We have all been in some kind of friendship group, or at least in proximity to one. The litany of inside jokes, in turns loving and playful but sometimes harsh, when paired with fierce loyalty, can be equal parts charming and frustrating. The intoxicating pull of such a group is the promise of feeling seen, of being chosen to participate in a shared story. Yet, this bright embrace may bring more of our heart and history into the light than we might wish.
Emily Nemens’ latest novel Clutch, is about a group of five women who meet as undergraduates and over the course of twenty years, go through their ambitions, partnerships, families, and aging while remaining connected to each other.

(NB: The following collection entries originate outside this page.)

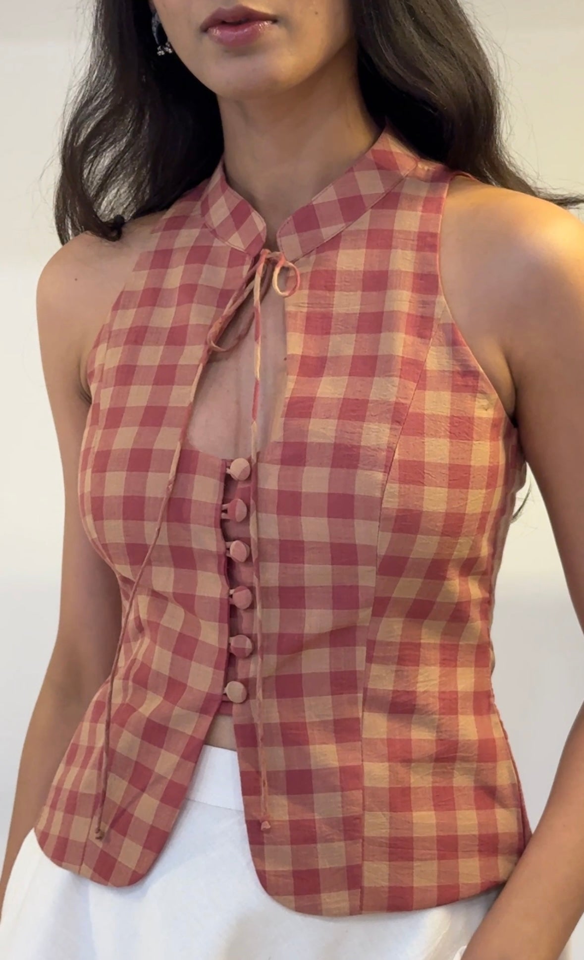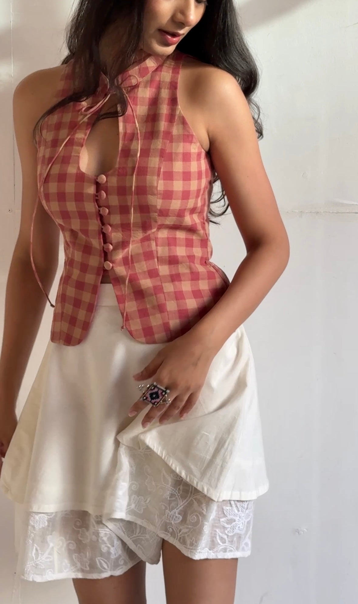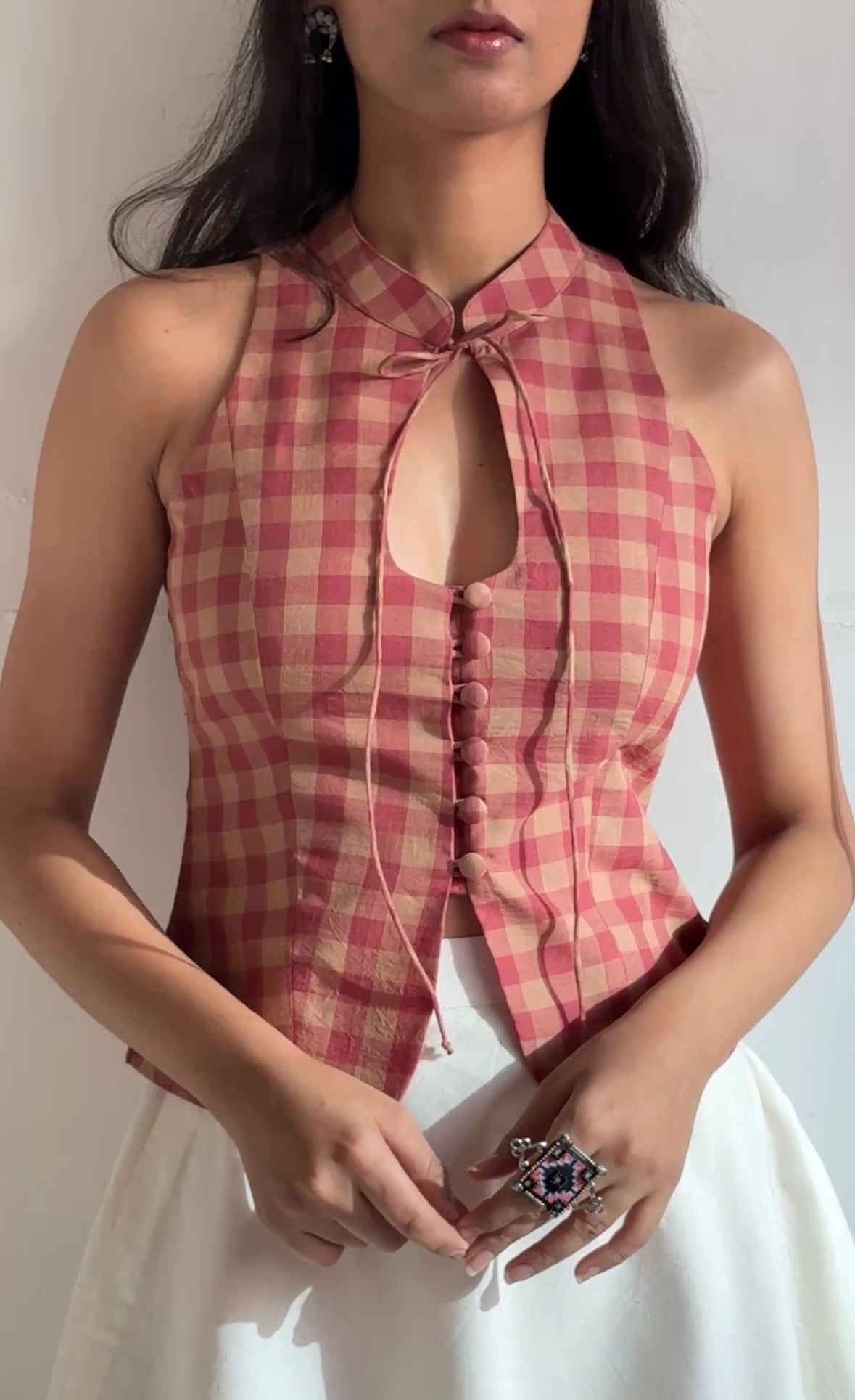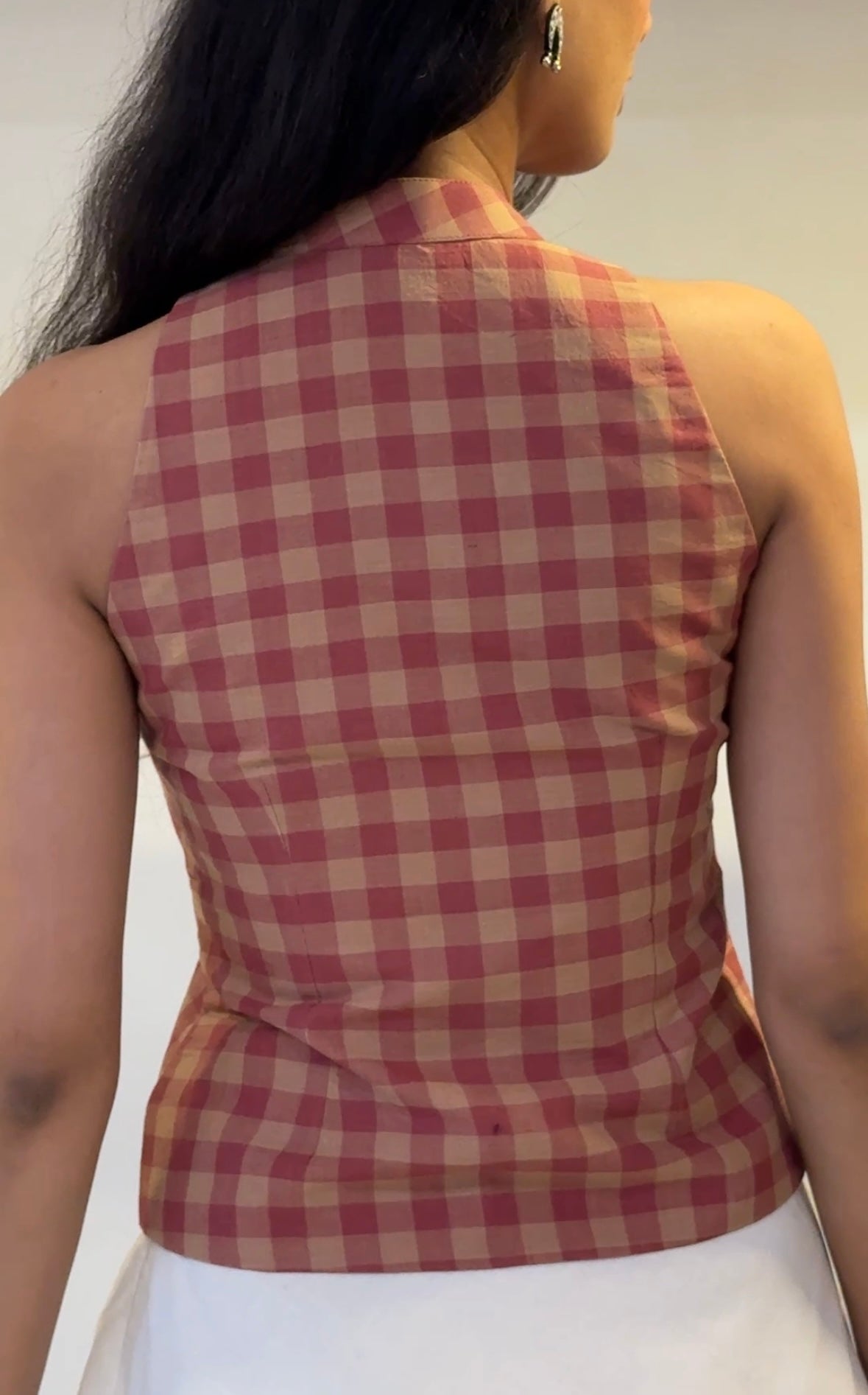 This halter sleeveless top is crafted from woven cotton fabric. It features structured fit with collared key hole design on the neckline. It has front open button closure with slit. It does not come with pads. Model is wearing size XS.
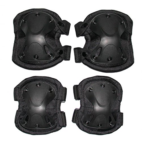 -. Brand : Kiwivalley -. EAN : 0712367271688 -. Feature : 1 pair of knee pads, 1 pair of elbow pads / Made of durable, soft EVA padded material with tough plastic plates and lightweight construction for low drag. / Soft cushion pad on inner side. High-density foam for superior shock absorption. Designed to Give Full Range of Motion While on the Battlefield. / Multiple adjustable elastic straps and velcro closures for secure fit for various elbow & knee girths. / Great for crawling, mountain biking, Motorcycle racing, skating, scooters, extreme sports, airsoft, paintball, hunting and shooting games and other outdoor activities. -. IsAutographed : 0 -. IsMemorabilia : 0 -. Label : Kiwivalley -. Manufacturer : Kiwivalley -. MPN : K034 -. PartNumber : K034 -. ProductGroup : Sports -. ProductTypeName : OUTDOOR_RECREATION_PRODUCT -. Publisher : Kiwivalley -. Studio : Kiwivalley -. Title : Kiwivalley 4-in-1 Tactical Knee and Elbow pads, in Skating, Skateboarding, Biking, Outdoor Sports Protect Your Elbows and Knees - (Black) -. UPC : 712367271688
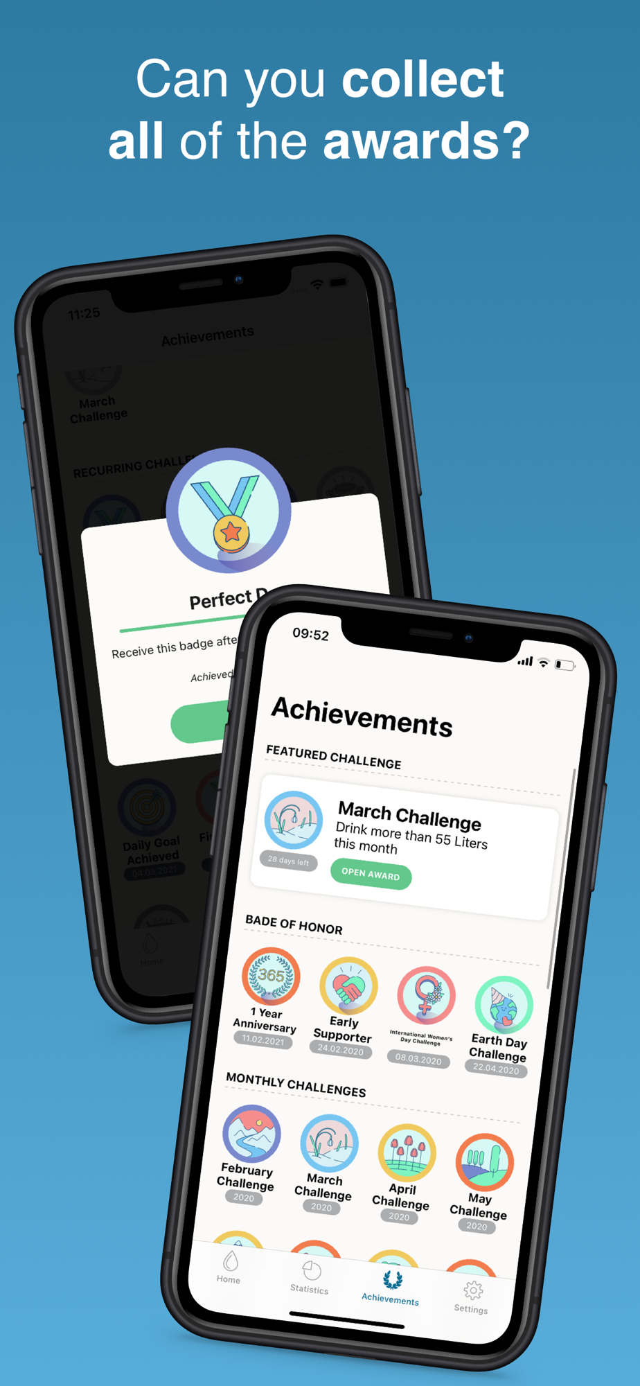 You can earn different awards and compare them with your friends. Log your water every day and start collection awards today!
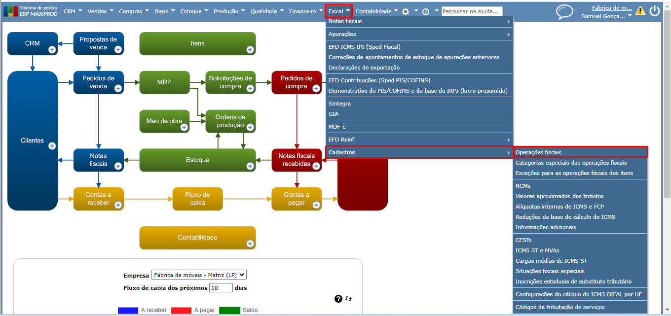1) Vá ao menu “Fiscal > Cadastros > Operações fiscais”.
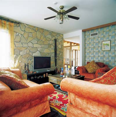 在現(xiàn)代的居家裝潢中,設(shè)計(jì)師更多地建議電視背景墻選用紋理粗糙的文化石鑲嵌,這樣既可以吸音,又加厚了墻體,減低了音響對(duì)其他居室空間的影響,而且能烘托出設(shè)計(jì)獨(dú)特的現(xiàn)代家電的精致感,形成強(qiáng)烈的質(zhì)感對(duì)比。倘若客廳空間面積較大,也可用文化石制作一面古典風(fēng)情濃郁的主題墻,使客廳裝潢在精致中流露出一絲隨意?;蚴窃陉柵_(tái)營(yíng)造頗具田園風(fēng)格的一角。同時(shí),也要注意文化石的主要作用就是裝飾點(diǎn)綴,不要濫用,否則會(huì)適得其反。
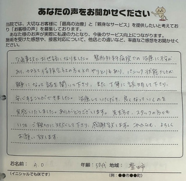整形外科病院での治療に不安があり、加えて保険会社の方々とのやりとりもあり、パニック状態でしたが、親身になって話を聞いて下さり、また丁寧に説明して下さり、安心することが出来ました。
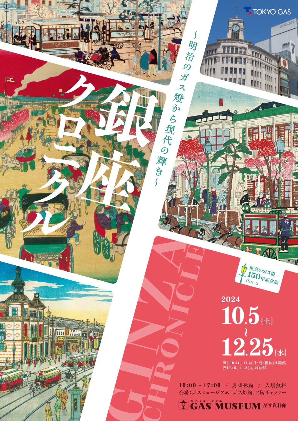 ガスミュージアムは、2024年10月5日(土) から12月25日(水)まで、「~明治のガス燈から現代の輝き~銀座クロニクル」を開催します。
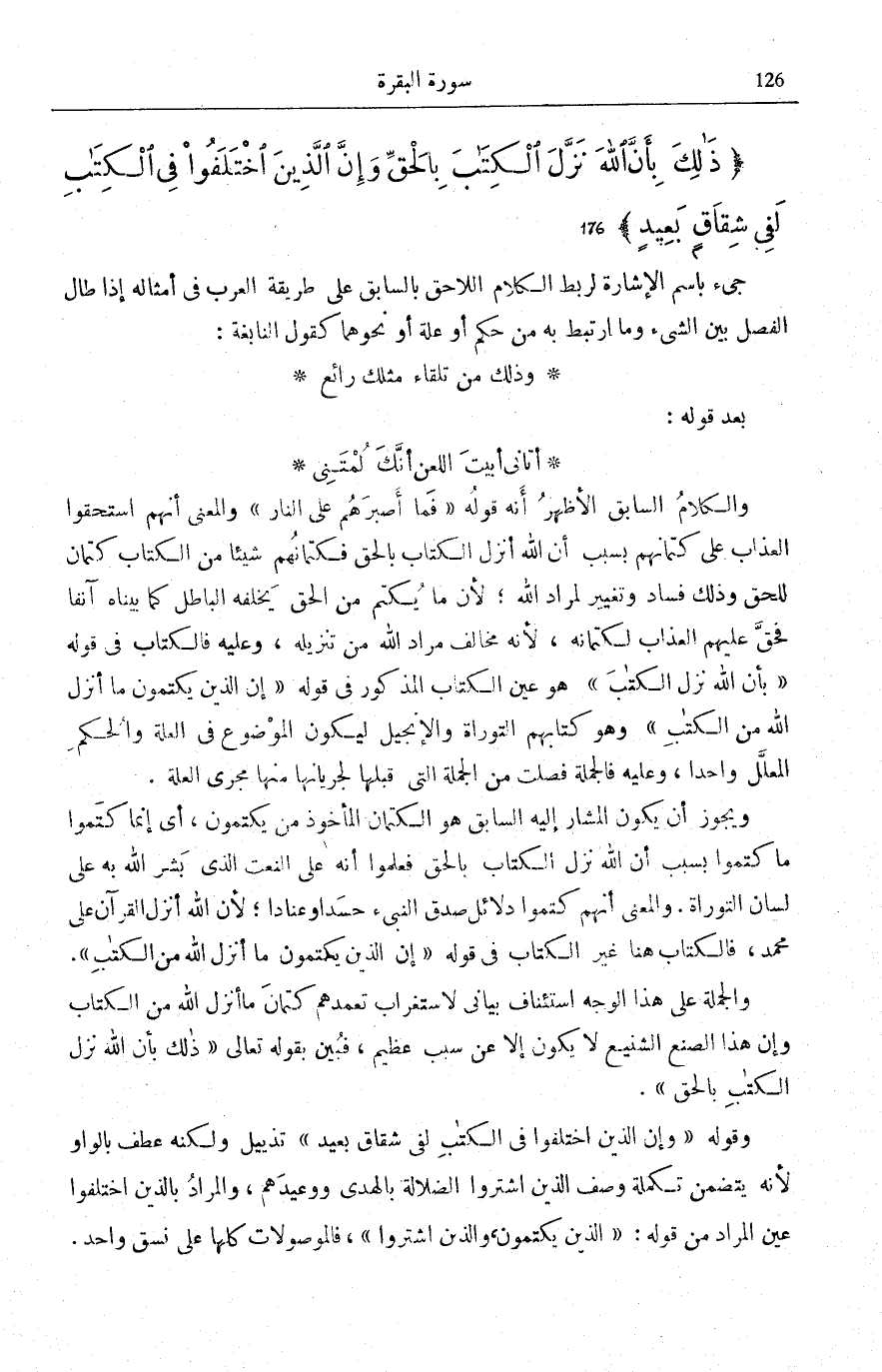 174] ، أَيْ إِنَّمَا كَتَمُوا مَا كَتَمُوا بِسَبَبِ أَنَّ اللَّهَ نَزَّلَ الْكِتَابَ بِالْحَقِّ فَعَلِمُوا أَنَّهُ عَلَى النَّعْتِ الَّذِي بِشَّرَ اللَّهُ بِهِ عَلَى لِسَانِ التَّوْرَاةِ. وَالْمَعْنَى أَنَّهُمْ كَتَمُوا دَلَائِل صدق النَّبِي حَسَدًا وَعِنَادًا لِأَنَّ اللَّهَ أَنْزَلَ الْقُرْآنَ عَلَى مُحَمَّدٍ، فَالْكِتَابُ هُنَا غَيْرُ الْكِتَابِ فِي قَوْلِهِ: إِنَّ الَّذِينَ يَكْتُمُونَ مَا أَنْزَلَ اللَّهُ مِنَ الْكِتابِ [الْبَقَرَة: 174] .

The novel begins with the five meeting up for a weekend vacation to Palm Springs in the second weekend of January to celebrate the arrival of the women at the threshold to 40.
Carson, a novelist and tutor in Brooklyn, and Bella, a Manhattan-based lawyer, are the closest in proximity but still keep their fair share of privacy. Hillary, an ENT doctor based in Chicago, is separated from her drug addict husband, while Reba, now based in the Bay Area, is focused on IVF treatments and her aging parents. Gregg, a once aspiring actress and Carson’s creative confidant, is now a progressive in Texan politics. A weekend together after four years of seeing each other less so sets off a chain of reactions as it awakens them over the course of three months.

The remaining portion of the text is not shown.